======== Provided data ========
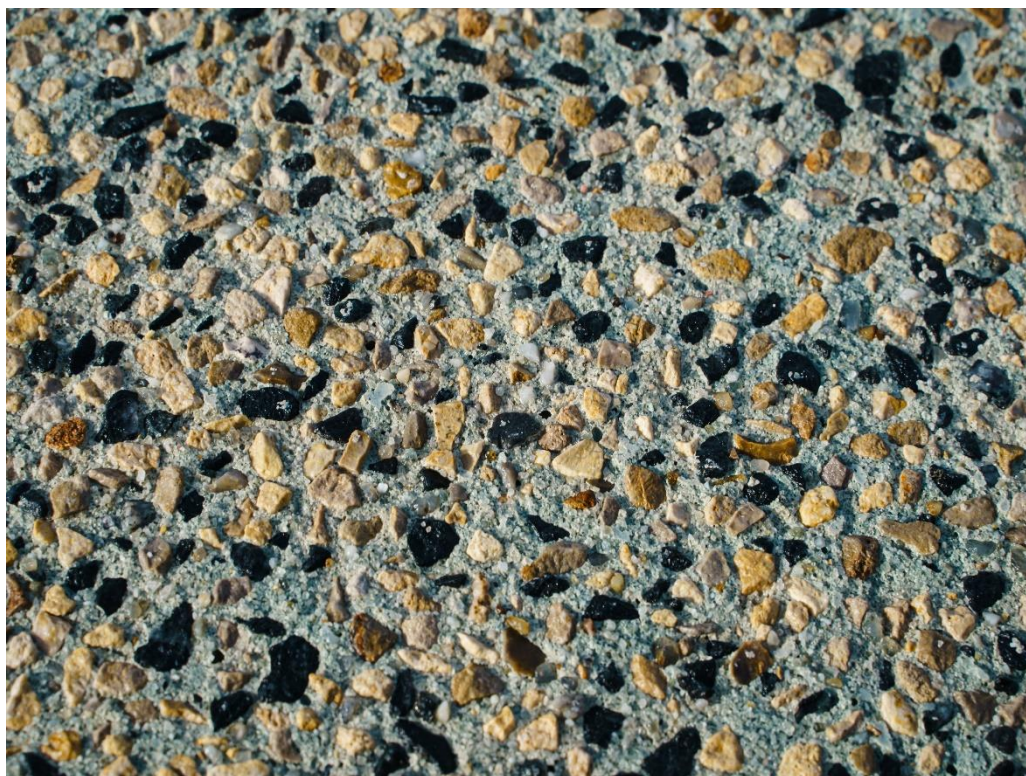
Béton désactivé élaboré à partir de ciment H-UKR
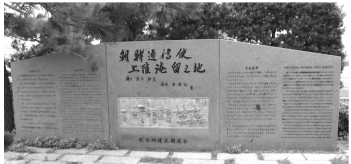
조선통신사 상륙엄류지 지 기념비

이 비는 통신사가 시모노세키에 기항*했던 것을 기념하고자 세운 것이다. 통신사는 전쟁 이후 단절된 조선과의 국교 재개를 바라는 (가) 막부의 요구를 받아들여 파견되었다. 이후 19세기 초까지 파견되어 조선과 일본의 평화 유지와 문물 교류에 기여하였다.
========
◆ **What you will do**
Having found the line with "조선통신사 상륙엄류지 지 기념비" in the listing above, transcribe it and every line after it to the end, exactly, with no additions.

◆ **Problem solution**
조선통신사 상륙엄류지 지 기념비

이 비는 통신사가 시모노세키에 기항*했던 것을 기념하고자 세운 것이다. 통신사는 전쟁 이후 단절된 조선과의 국교 재개를 바라는 (가) 막부의 요구를 받아들여 파견되었다. 이후 19세기 초까지 파견되어 조선과 일본의 평화 유지와 문물 교류에 기여하였다.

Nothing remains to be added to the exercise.